By Suzanne Fields
December 31, 2007
It was neither the best of times nor the worst of times, to steal an opening line from Dickens. It was neither the age of wisdom nor the age of foolishness. We mixed belief with incredulity, light with darkness, enjoyed good and feared evil. Looking back on 2007, we mixed comparisons as if on a see-saw.
Suicide bombing looked to be less fashionable in the Middle East, but the assassination of Benazir Bhutto stunned everyone, reminding us that evil is always lurking in the shadows.
If the Iraq War once looked unwinnable, it now appears that the surge is working. It's no longer the single most important issue in the quickening presidential campaign. When Hillary Clinton bet on her vote for the war to help in the general election, she didn't foresee the extent to which it would hurt her with the bizarre far left in her own party in the run-up to the nomination.

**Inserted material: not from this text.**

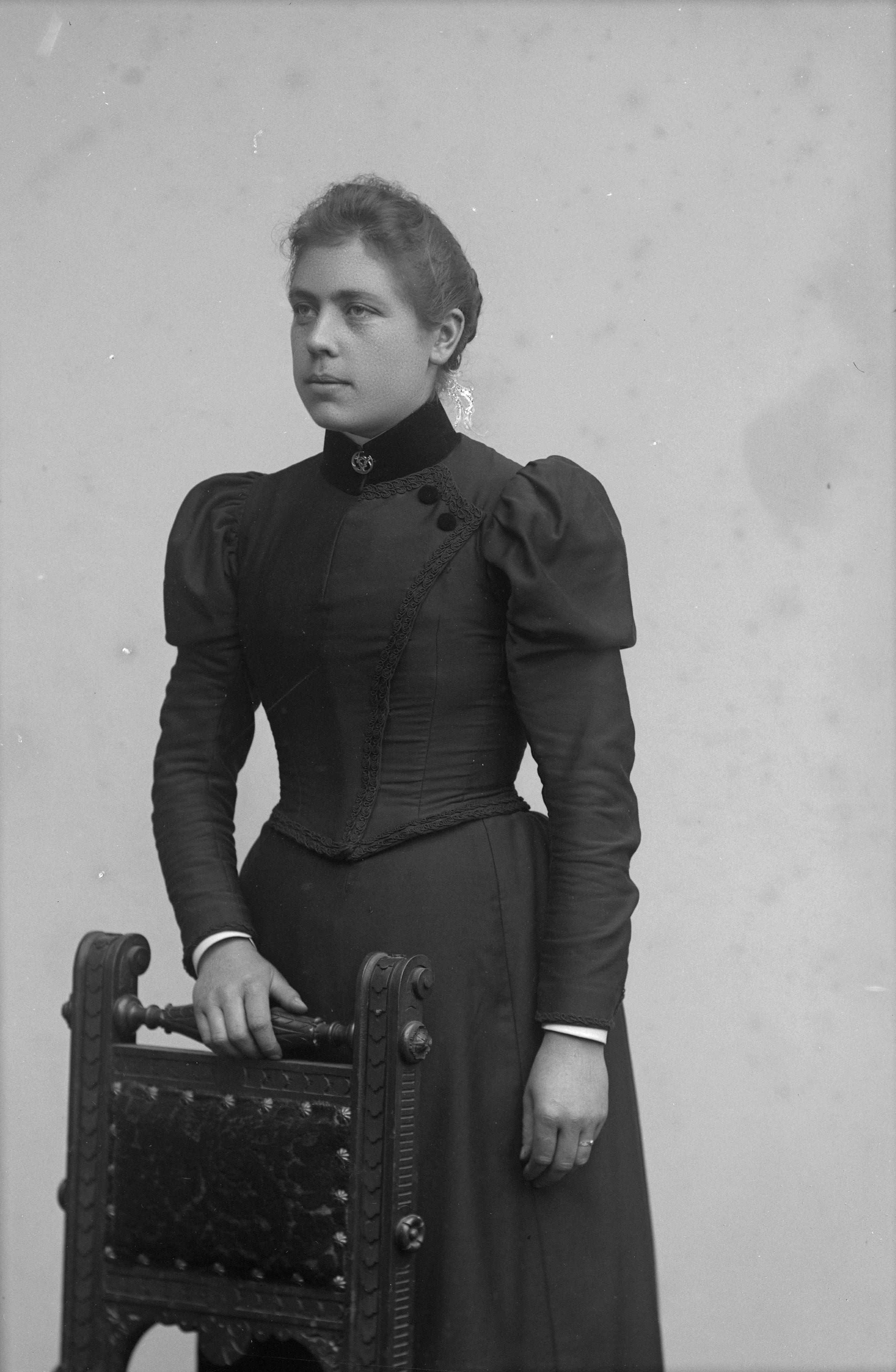 Porträtt i helfigur av Anna Tornberg, stående vid stol.

Rudy Giuliani once looked like the toughest man to take on the war against terror, and now John McCain again looks like the man with the steady hand, a man proved right all along with his call for enough troops in Iraq. He faded in the fall but now he's drawing support from a diverse array of sources, including Henry Kissinger, Sen. Joe Lieberman, the Des Moines Register, the Manchester Union Leader and the Boston Globe, at least until the Republicans choose their man. He's enjoying his own surge in Iowa and New Hampshire.

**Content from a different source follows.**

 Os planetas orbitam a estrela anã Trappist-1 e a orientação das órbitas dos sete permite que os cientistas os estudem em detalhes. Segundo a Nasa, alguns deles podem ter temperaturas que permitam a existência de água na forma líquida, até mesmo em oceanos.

George W. has suffered high negatives at the end of his administration, but not nearly the high negatives of the Democrats in Congress, who try as they might haven't thwarted his aims. Though the president didn't do much to curtail government spending earlier in his administration, he promises to do more with his budget for 2009. (We can always hope.) Mrs. Clinton once looked inevitable, but now she's merely one of three Democrats with uncertain prospects in Iowa and New Hampshire. Her glamour as a "first" among women with serious ambitions for the presidency has been challenged by Oprah, who put another kind of glamour on the line on behalf of Barack Obama. Hillary's "pro -gender" campaign doesn't play to a monolithic female audience.
This was the year celebrity became double-edged. Barbara Streisand, working the crowds for Hillary, looked anemic on the hustings, judged against Oprah in the battle of the divas. Voters may be asking why anyone should think an entertainer knows any more about a candidate or an issue than a Volkswagen mechanic or the check-out clerk at the supermarket. The stars attract attention, but do they change minds? They bring out the crowds, but do they bring out the votes? They may spread sunshine (or at least noise), but can they impart information? Celebrities can raise the profile of a candidate or an issue, but they can't shape reactions to policies or furnish solutions to complicated problems, particularly foreign policy. Celebrities carry heavy baggage and agendas.
Daniel Drezner, author of "All Politics is Global," observes the good and bad of celebrity endorsements. "So when Angelina Jolie attends the Davos Economic Forum or sponsors a Millennium Village in Cambodia, she's not only trying to do good, she's trying to create a brand image that lets Americans forget about her role in breaking up Brad Pitt and Jennifer Aniston," he writes in National Interest magazine.
When Michael Jordan was still playing on the basketball court and was asked to endorse a Democratic senatorial candidate, he famously said that "Republicans buy sneakers, too."